BEGIN Supplied material

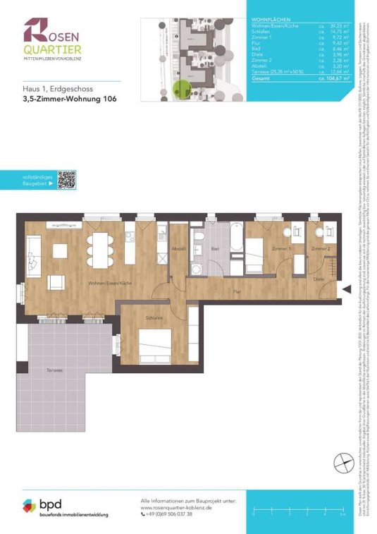 Neue 3,5 Zimmerwohnung mit Terrasse: WE 106
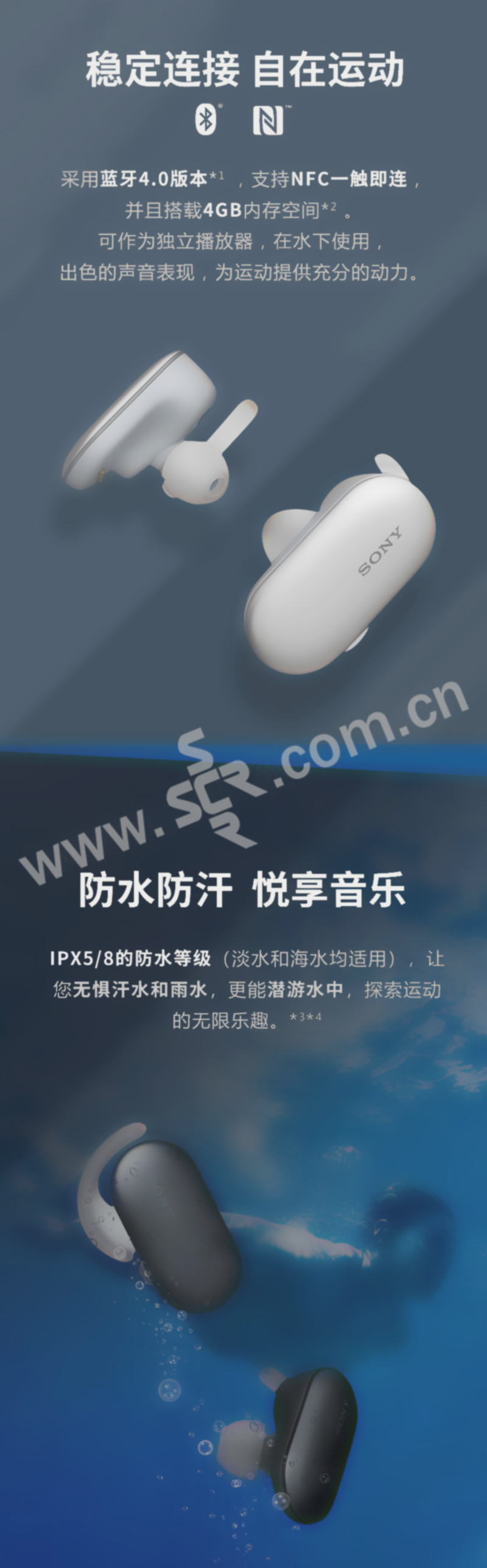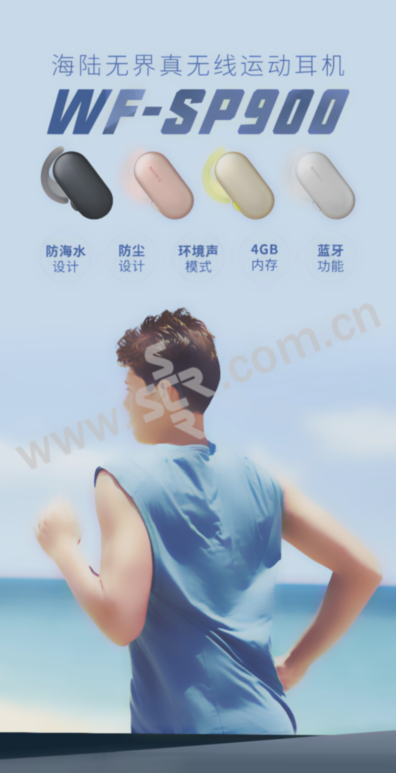 SONY/索尼 真无线防水运动耳机 WF-SP900 IPX5/8防水等级 触控面板 4GB内存 黄色 1副
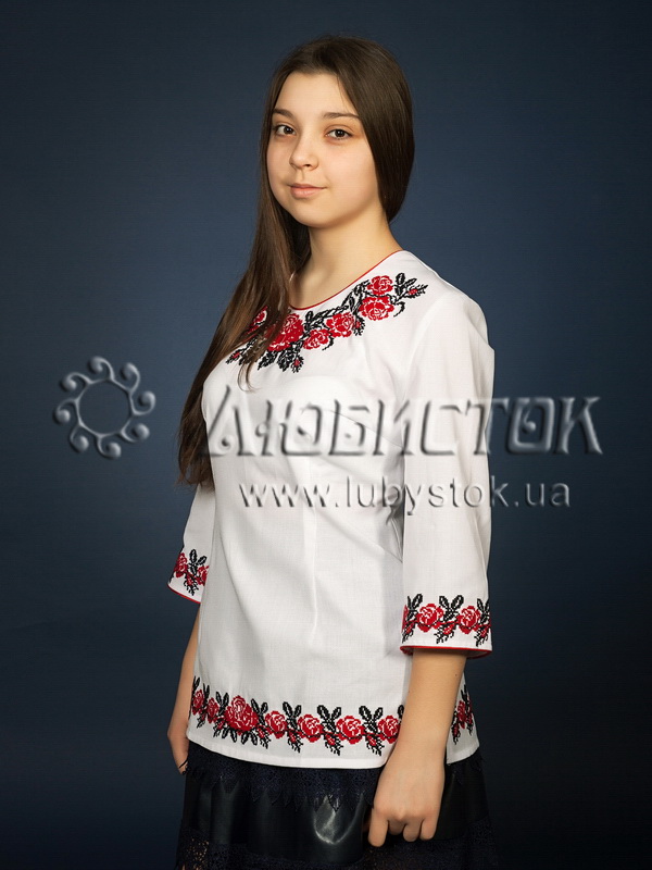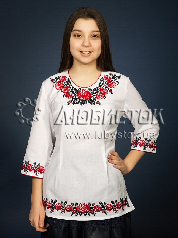 Вишита блуза хрестиком (вишита жіноча сорочка) ЖБВ 7-1. Ця блузка має елегантний вигляд, вишиті троянди надають їй оригінальності. Стиль сорочки сучасний з традиційними мотивами на білій домотканій тканині або натуральному льоні. Вишивка виконана рослинним візерунком у вигляді троянд з листочками. Вишиванка вишита хрестиком червоними та чорними акриловими нитками. Рукав три четверті. Ця блузка підійде для святкування різноманітних свят, одягнувши її ваш настрій неоднмінно стане святковішим.
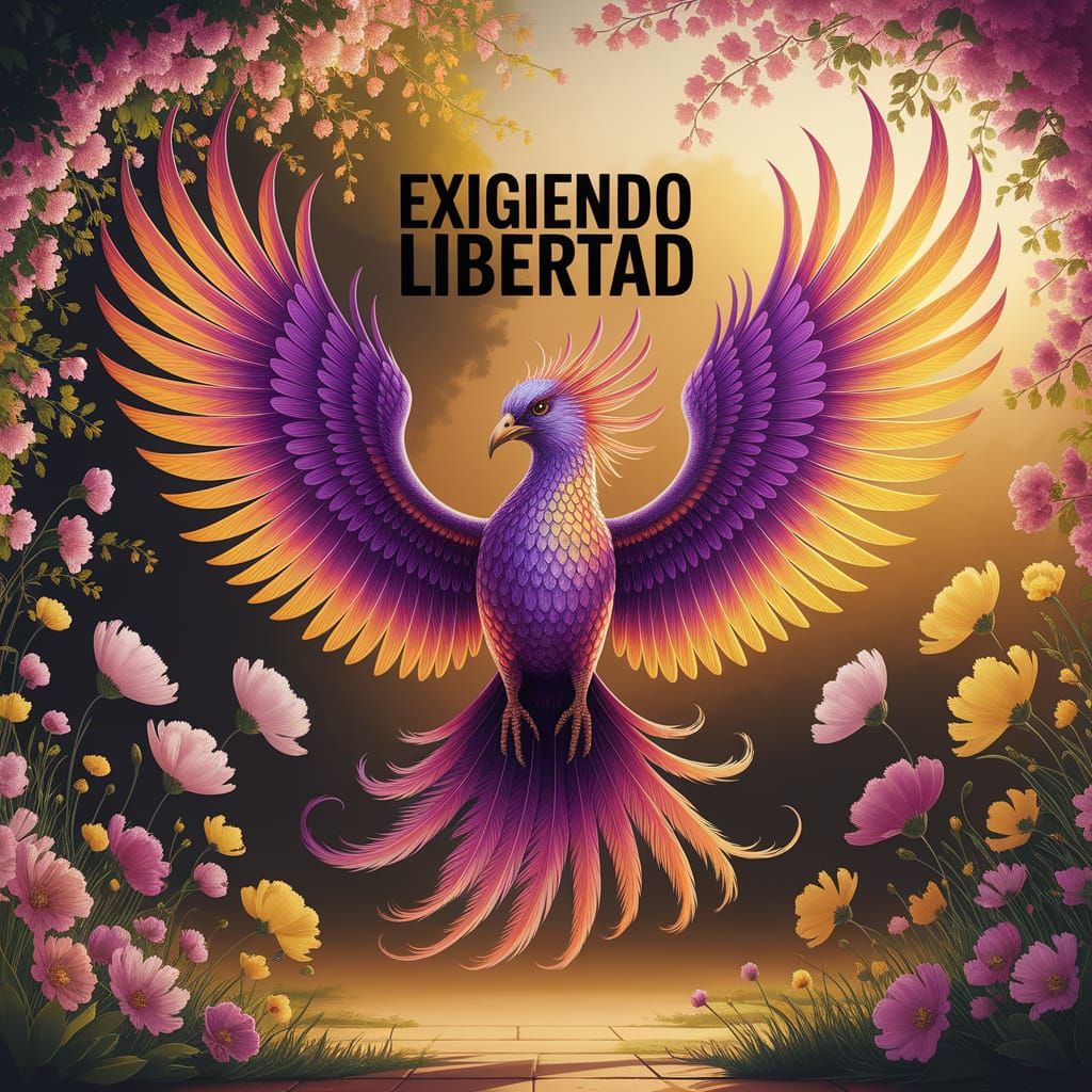 This image shows a majestic purple and orange phoenix in a serene garden setting, surrounded by delicate flowers and bathed in warm, golden light.

END Supplied material

* _Aim of the exercise_
Give back the whole listing exactly, without pictures.

* _Response area_
 Neue 3,5 Zimmerwohnung mit Terrasse: WE 106
 SONY/索尼 真无线防水运动耳机 WF-SP900 IPX5/8防水等级 触控面板 4GB内存 黄色 1副
 Вишита блуза хрестиком (вишита жіноча сорочка) ЖБВ 7-1. Ця блузка має елегантний вигляд, вишиті троянди надають їй оригінальності. Стиль сорочки сучасний з традиційними мотивами на білій домотканій тканині або натуральному льоні. Вишивка виконана рослинним візерунком у вигляді троянд з листочками. Вишиванка вишита хрестиком червоними та чорними акриловими нитками. Рукав три четверті. Ця блузка підійде для святкування різноманітних свят, одягнувши її ваш настрій неоднмінно стане святковішим.
 This image shows a majestic purple and orange phoenix in a serene garden setting, surrounded by delicate flowers and bathed in warm, golden light.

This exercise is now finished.